Contemplo contra mi infancia
esa casa misteriosa plagada de ratones,
de fantasmas esquivos,
de escaleras pintadas de peligro,
de inclinadas terrazas vertiginosas.
Esa casa vieja, derrumbada,
que desprende silencios cuajados de presagios
inmóvil tras el jardín que huele a geranios dispersos
a hierba María Luisa oculta entre hierbajos
a rosales sin podar de largas ramas marchitas
a aguas verdes, a herrumbre,
a perros enterrados.
Esa casa desolada
con dibujos infantiles con chincheta en las paredes
las puertas que no cierran
las ventanas amarillentas y pringosas
y pegatinas de bollicao en las cortinas de encaje,
los muebles incómodos, rotos, sin alma,
la suciedad, la fealdad, el caos devorándolo todo.
Y tú, madre, esa vieja ciega y entrañable
llena de amor y desesperación,
cocinando con ilusión la cena de Nochebuena,
cruzando la cocina,
chocando contra la puerta que no hubiera debido estar abierta,
preparando un café a tientas,
cosiendo al tacto bajo un foco de luz
balanceándote en tu pequeña silla
con los brazos cruzados frente a la televisión
empeñada en no ver tu implacable ceguera.
He visto tus ojos, madre,
ese pozo incoloro donde crece la nada.
He escuchado tu voz,
como un ladrido hijo de la impotencia.
Y he sido más amable que nunca.

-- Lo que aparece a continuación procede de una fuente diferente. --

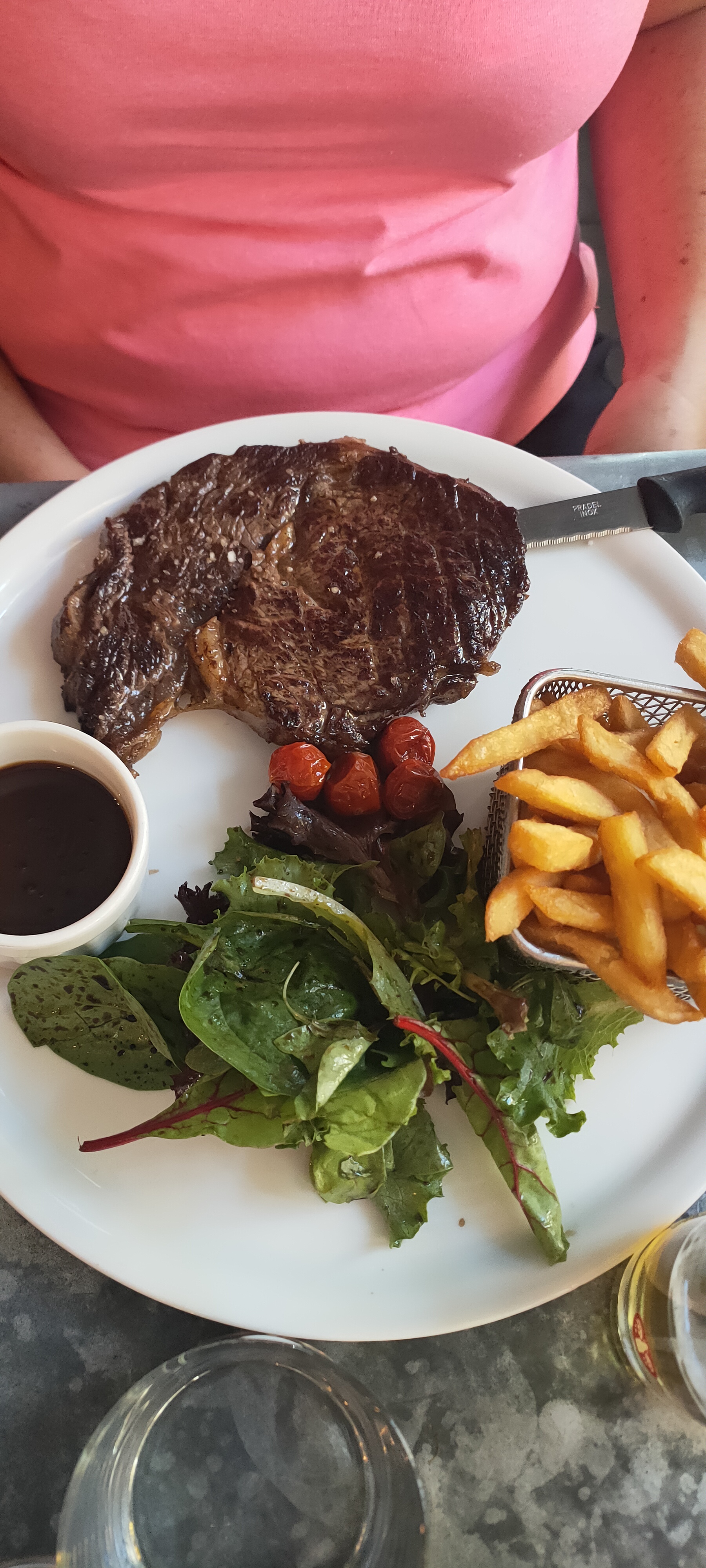 Posté le 09/09/2022 à 14:36" Bon restaurant bistrot au centre d'Avignon, nous étions deux, gentillesse et courtoisie nous ont accueillis à 13h30 (inhabituel pour le quartier et ses usages) avec un personnel agréable et courtois nous avons pris quelques propositions intéressantes du jour, comme des entrées pour exemple un pâté de foie gras de canard sur croûte de pain provençal, et j'ai eu aussi un bon pâté de saumon et thon sur croûte de pain provençal, en plat du jour un magret de canette caramélisé accompagné de riz parfumé aux herbes, et servi avec salade habillée de vin Negrette au vinaigre balsamique, tandis que l'autre plat était une entrecôte de bœuf (pas particulièrement savoureuse et même pas cuite saignante comme demandé) mais dans l'ensemble correcte dans l'ensemble et également servie avec des pommes de terre au four et une salade au vin Negrette. Nous avons tous les deux bu 33 cl de bière Eineken (bien que servie dans une pinte de 0,30). Cependant, le paiement de ce que nous avons mangé nous a semblé acceptable et non exagéré. Nous pensons que nous devrions recommander cet endroit pour la bonté discrète et l'honnêteté de la nourriture, ainsi que pour la courtoisie des serveuses. Cependant, cela mérite d'être mentionné de manière positive. "

Más amable que nadie.
Y te he abrazado luchando con mi sonrisa
contra tus pequeños odios.
Y has sonreido sin mirarme a los ojos.
tú llena de mi amor pero incompleta.
Yo príncipe y mendigo en tu tristeza.

Barcelona, diciembre de 1985.




 

 
La luz diluye aquella idea fija
con lentitud.
El autobús escapa. Parpadeo.
En mis bambas hay agua de mar.
En mi bolsillo
el tiempo deposita sus peces de colores.
Camino con paso fácil
hasta el final de la calle
y me detengo en el lugar
donde todos olvidan su camino.
Enciendo un cigarrillo.
Es hora de volver atrás.

Cala Alcaufar, mayo de 1988




 

 
A pesar del dolor, amor.
Tras la puerta terrible, alado, ondeante amor.
Desnudo de palabra, más veloz que la idea,
inasible, inmaculado amor.
Sin valor y sin grado, sin medida, sin precio,
sin contrarios ni opuestos, a pesar del dolor, amor.
Oculto en la invisible trastienda de las formas,
ajeno a quén, a cómo, inapelable, sólo
a pesar del dolor, tras el dolor, amor.